- _WHAT THE TASK ASKS_: Begin the copy at the line containing "Fototapeta premium Spring's" in the data below and end it at the line containing "在为期3天的培训中,用友新道", keeping each line exact and leaving out pictures.

- _TASK DATA_:
== Segment start ==

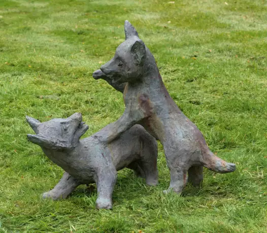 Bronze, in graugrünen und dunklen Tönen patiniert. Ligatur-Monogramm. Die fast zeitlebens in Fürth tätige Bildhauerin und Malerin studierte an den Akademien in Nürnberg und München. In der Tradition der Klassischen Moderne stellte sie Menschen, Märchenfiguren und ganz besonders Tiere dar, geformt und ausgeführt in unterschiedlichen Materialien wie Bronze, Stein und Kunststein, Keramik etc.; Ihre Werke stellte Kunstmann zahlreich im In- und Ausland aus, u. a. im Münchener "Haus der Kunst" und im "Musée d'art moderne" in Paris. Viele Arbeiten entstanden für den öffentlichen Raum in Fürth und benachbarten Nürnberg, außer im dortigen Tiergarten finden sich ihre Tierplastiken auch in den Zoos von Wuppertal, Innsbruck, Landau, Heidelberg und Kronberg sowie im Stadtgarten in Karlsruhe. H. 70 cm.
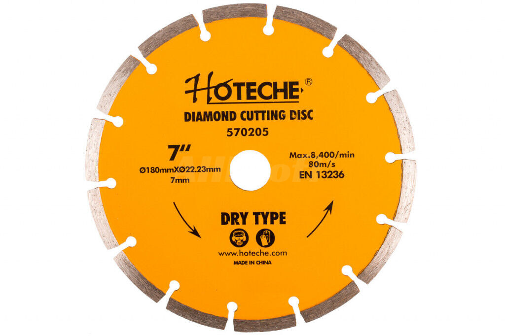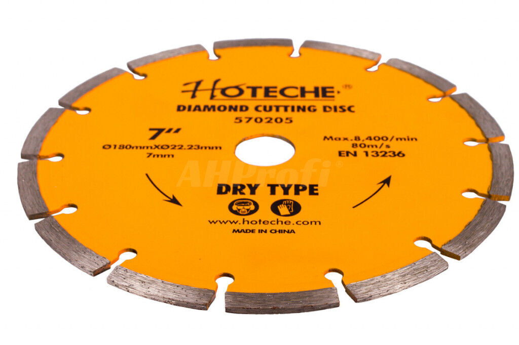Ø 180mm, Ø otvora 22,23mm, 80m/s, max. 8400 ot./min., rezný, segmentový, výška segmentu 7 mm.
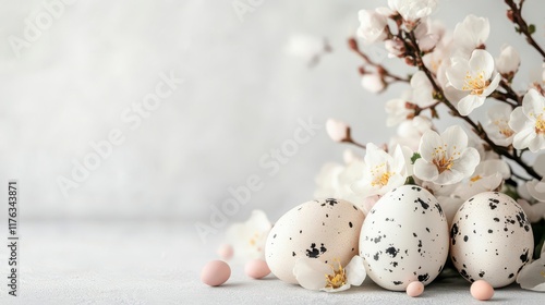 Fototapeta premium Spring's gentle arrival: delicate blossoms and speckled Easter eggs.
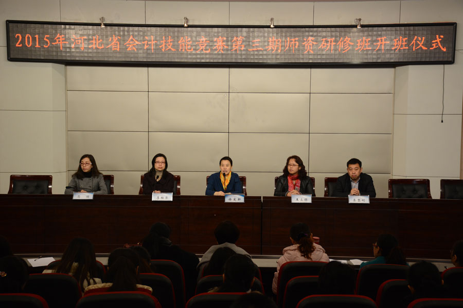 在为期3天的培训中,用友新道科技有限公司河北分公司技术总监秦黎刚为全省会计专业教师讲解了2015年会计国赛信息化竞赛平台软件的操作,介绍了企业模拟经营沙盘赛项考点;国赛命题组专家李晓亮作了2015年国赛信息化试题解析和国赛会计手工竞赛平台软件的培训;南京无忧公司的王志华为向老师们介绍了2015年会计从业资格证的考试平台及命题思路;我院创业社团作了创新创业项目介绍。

== Segment end ==
== Segment start ==

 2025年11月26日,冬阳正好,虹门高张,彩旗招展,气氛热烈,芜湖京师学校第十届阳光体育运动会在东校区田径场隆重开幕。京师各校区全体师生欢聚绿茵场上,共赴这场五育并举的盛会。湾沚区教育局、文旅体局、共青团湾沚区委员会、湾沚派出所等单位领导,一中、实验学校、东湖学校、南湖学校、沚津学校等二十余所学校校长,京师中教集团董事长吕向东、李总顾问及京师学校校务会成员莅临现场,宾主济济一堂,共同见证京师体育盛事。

== Segment end ==
== Segment start ==

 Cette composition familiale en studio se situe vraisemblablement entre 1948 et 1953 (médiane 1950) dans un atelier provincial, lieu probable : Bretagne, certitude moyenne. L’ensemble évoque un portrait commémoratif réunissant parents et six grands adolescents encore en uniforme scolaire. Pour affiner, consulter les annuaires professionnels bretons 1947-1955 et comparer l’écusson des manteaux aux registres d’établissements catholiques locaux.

== Segment end ==

- _PROBLEM SOLUTION_:
 Fototapeta premium Spring's gentle arrival: delicate blossoms and speckled Easter eggs.
 在为期3天的培训中,用友新道科技有限公司河北分公司技术总监秦黎刚为全省会计专业教师讲解了2015年会计国赛信息化竞赛平台软件的操作,介绍了企业模拟经营沙盘赛项考点;国赛命题组专家李晓亮作了2015年国赛信息化试题解析和国赛会计手工竞赛平台软件的培训;南京无忧公司的王志华为向老师们介绍了2015年会计从业资格证的考试平台及命题思路;我院创业社团作了创新创业项目介绍。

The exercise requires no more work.